Para peneliti ini mengandalkan analisis berbagai kesalahan linguistik ini. Pada awal tahun 1895, ahli bahasa Rudolf Meiringer menerbitkan koleksinya yang berjumlah hampir 9.000 slip. Dengan Wilhelm Wundt, pendiri psikologi eksperimental, spesialis ini menunjukkan bahwa kesalahan ini disebabkan oleh faktor struktural murni, seperti kedekatan suara, serta oleh gangguan, kelelahan, atau stres. Peneliti kontemporer telah menyimpulkan bahwa sebagian besar bug relatif tidak berbahaya. Kebanyakan dari mereka sebenarnya berhubungan dengan substitusi atau interpenetrasi fonem (“garpu saya telah melemah”), umumnya untuk mengantisipasi suara atau pengulangan suara yang sudah diucapkan. Temuan Bernadette Jansma dari Universitas Maastricht dan rekan menunjukkan bahwa dua rencana gerakan artikulasi yang akan dilakukan selanjutnya bersaing di otak, pada tingkat area yang disebut ‘area motorik ekstra’, pada akhirnya perencanaan yang salah lazim. Kesalahan yang terkait dengan seluruh kata hanya terjadi sekitar 30% dari kasus dan dapat dijelaskan oleh kedekatan semantik dari istilah terbalik: karena mereka termasuk dalam ranah makna yang sama (“Ini hanya akan memakan waktu beberapa jam … menit .. .!”), mereka terhubung di otak , sehingga mereka dapat berkomunikasi satu sama lain secara otomatis.

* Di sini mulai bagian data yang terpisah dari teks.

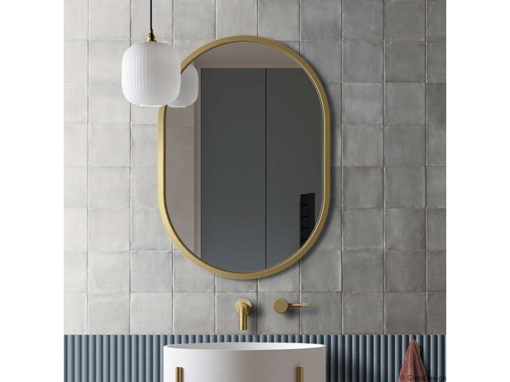 Nádherné nástenné zrkadlo v oválnom prevedení s rámom v zlatej farbe. Dokonale sa hodí do interiérov v eklektickom, škandinávskom alebo modernom štýle. Rám zrkadla je vyrobený z vodeodolnej MDF lakovanej tvrdým dvojzložkovým polyuretánovým lakom. Vysoko lesklé zrkadlo s leštenými hranami je zabezpečené vrstvou teflónu, ktorá ho chráni pred korozívnymi účinkami vlhkosti - vhodné aj do kúpeľne.Zrkadlá sú vyrobené z tých najkvalitnejších belgických zrkadiel s vysokou priepustnosťou a leskom. Brúsenie a leštenie hrán je vykonávané na kvalitných talianskych strojoch pre spracovanie skla.

Sebagian besar slip tidak memalukan

Sebagian besar slip tidak memalukan: mereka mungkin kontradiktif tetapi itu bukan “kesalahan fatal”. Selain itu, mereka sering segera diperbaiki. Spesialis Victoria Frumkin menyimpulkan dari sini bahwa Freud mengabaikan slip “kecil” dan hanya menyimpan yang menarik perhatian. Jadi teorinya entah bagaimana akan didasarkan pada bias pengambilan sampel…

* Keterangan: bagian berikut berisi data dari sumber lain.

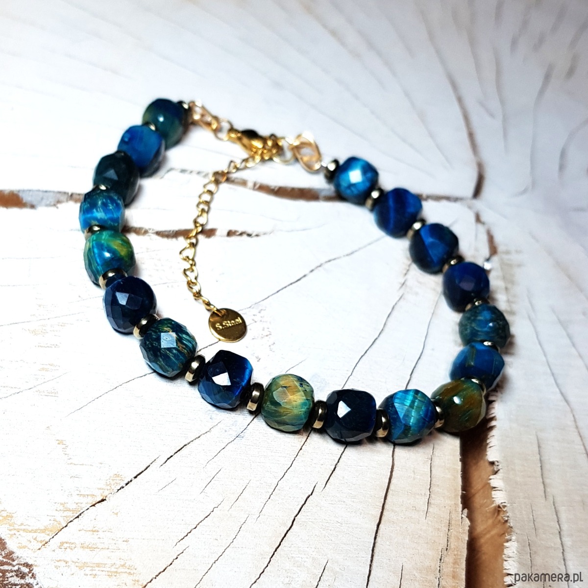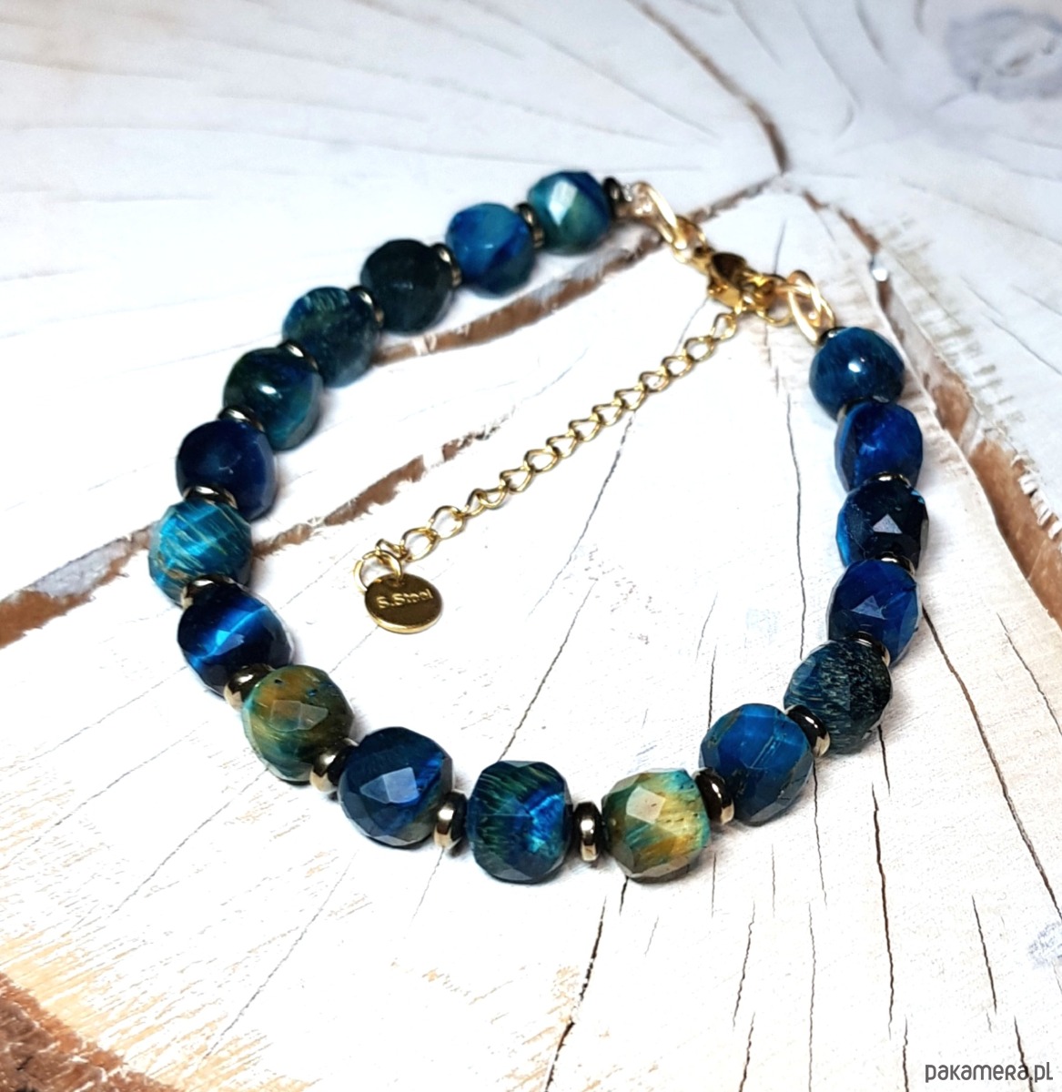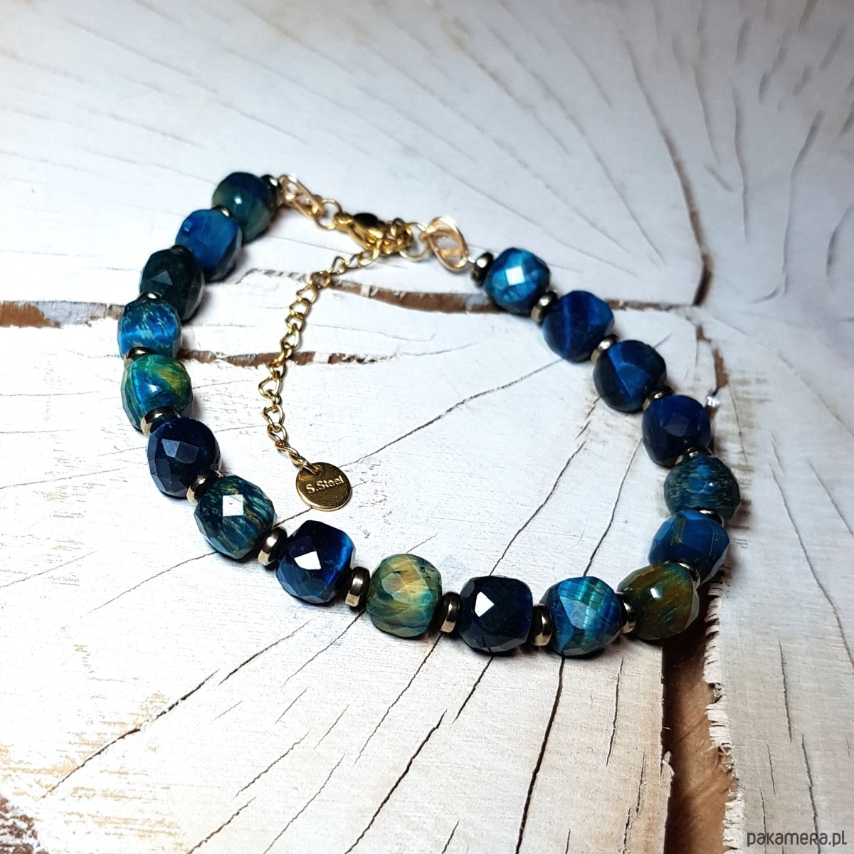 bransoletka wykonana ręcznie z naturalnych fasetowanych kwadratów 8mm tygrysiego oka barwionego na piękny niebieski kolor i przekładek złocistego hematytu. Użyte kostki tygrysiego oka są bardzo wysokiej jakości, pięknie wypolerowane, o dużym połysku . Przedłużka i zapięcie wykonane w stali chirurgicznej pozłacanej 24k złotem. Długość bransoletki wynosi ok. 20 cm plus przedłużka 4,5cm.

Sebuah jendela ke dalam regulasi bicara yang tidak disadari

Namun, para peneliti tidak menjatuhkan Freud ke tanah: dia benar dengan mengatakan bahwa kesalahan tidak terjadi secara acak dan itu penting. Faktanya, mereka menghormati, dan karena itu mengungkapkan, organisasi ucapan yang tidak disadari: misalnya, sering kali konsonan menggantikan konsonan, dua kata kerja terbalik, kata benda yang memprediksi yang lain. Ketika kepala kita berada di tempat lain, seperti Lucien, sistem ini dapat sedikit menggelincirkan dan menarik unit bahasa mendekati unit yang kita butuhkan. Oleh karena itu, pendekatan semacam itu cenderung untuk “membenarkan” kesalahan, dalam arti bahwa mereka dapat dijelaskan tanpa menggunakan niat tersembunyi: jika mereka mengungkapkan sesuatu, maka itu sebagian besar adalah sub-proses mental. Mensponsori produksi bahasa, dan tidak ada yang lain.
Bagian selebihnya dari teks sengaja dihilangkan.